Au commencement était l'image

À l’origine des images, il existe une capacité mentale inédite dans le monde animal : l’imagination. Elle est à la source du langage, des techniques, de l’art, des pensées et des fictions.

« Au commencement était le verbe », le premier verset de l’Évangile selon saint Jean a suscité un flot de commentaires théologiques, philosophiques, anthropologiques. Une interprétation de la formule est celle-ci : c’est la parole qui donne naissance à l’humanité. Dit autrement : c’est le langage qui fait l’humain, il est le « propre de l’homme ». Cette thèse a la force de l’évidence – quoi de plus spécifique à l’être humain que son langage ? Mais l’évidence ne fait pas toujours bon ménage avec la science.

Si le langage était le propre de l’humain, comment se fait-il que les humains aient hérité aussi d’autres capacités très singulières comme celle de fabriquer des outils ? Comment se fait-il que les humains soient aussi doués dans les arts ?

Une des hypothèses est que le langage, la technique et l’art soient eux-mêmes dérivés d’une capacité cognitive plus fondamentale. Nombre de candidats ont été proposés pour rendre compte des capacités cognitives spécifiquement humaines : l’apprentissage, l’intelligence, la culture, la conscience ou encore la « théorie de l’esprit ».

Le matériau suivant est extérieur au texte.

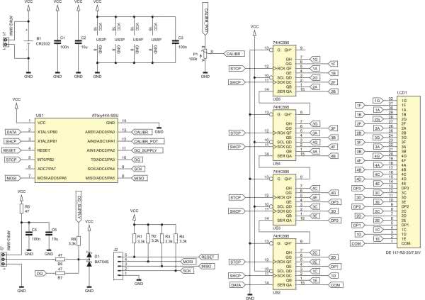 Schemat ideowy energooszczędnego termometru został pokazany na rysunku 1. Jego pracą zarządza popularny mikrokontroler typu ATtiny44A, taktowany wewnętrznym sygnałem zegarowym o częstotliwości 8 MHz. Do jego zaprogramowania może służyć złącze J2, do którego zostały doprowadzone wszystkie linie służące realizacji programowania w systemie (In-System Programming). Ponieważ układ nie używa ich w czasie normalnej pracy, są podciągnięte do dodatniego bieguna zasilania przy użyciu zewnętrznych rezystorów.

Depuis le début des années 2000, une nouvelle théorie a fait son apparition. Elle affirme que l’imagination pourrait bien représenter le facteur clé qui a fait de l’humain un être si singulier. Cette théorie de l’animal imaginatif (TAI) affirme que les images mentales sont la source commune du langage, des capacités techniques, de l’art, mais aussi de nouvelle formes de vie en société fondées sur des projets communs. Pour la TAI, au commencement n’était pas le verbe, mais plus précisément l’image mentale.

publicité

La théorie du cerveau imaginatif

Avant de présenter les arguments en faveur de cette thèse et ses conséquences sur la compréhension de l’être humain, commençons par une présentation intuitive de cette théorie. Pour cela, rien de plus simple : il suffit d’une petite expérience de pensée. Représentons-nous un instant l’image de la tour Eiffel, ou bien le visage de Mickey Mouse. Rien de plus simple ! Pourtant aucun de ces êtres n’est là pour nous servir de modèle : il suffit de convoquer leur image en pensée. Ces représentations détachées de toute perception directe, voilà ce que l’on nomme les « images mentales ». L’imagination au sens large peut être entendue comme « la capacité de créer des images dans le cerveau séparément de tout stimulus perceptif  1 ». Cette capacité imaginative ouvre accès à une foule d’aptitudes dérivées.

Tout d’abord, les images mentales, qui sont le support des souvenirs conscients, sont également sollicitées pour anticiper. Les psychologues ont d’ailleurs montré que les souvenirs et anticipations utilisent les mêmes processus mentaux  2, ce voyage mental dans le temps (mental time travel). Les images mentales sont également le support des « mondes possibles », c’est-à-dire des scénarios, des hypothèses et des actions virtuelles qui nous servent à planifier des activités (que faire à manger ce soir ? Où partir en vacances ?) ou pour résoudre toute sorte de problèmes théoriques ou pratiques.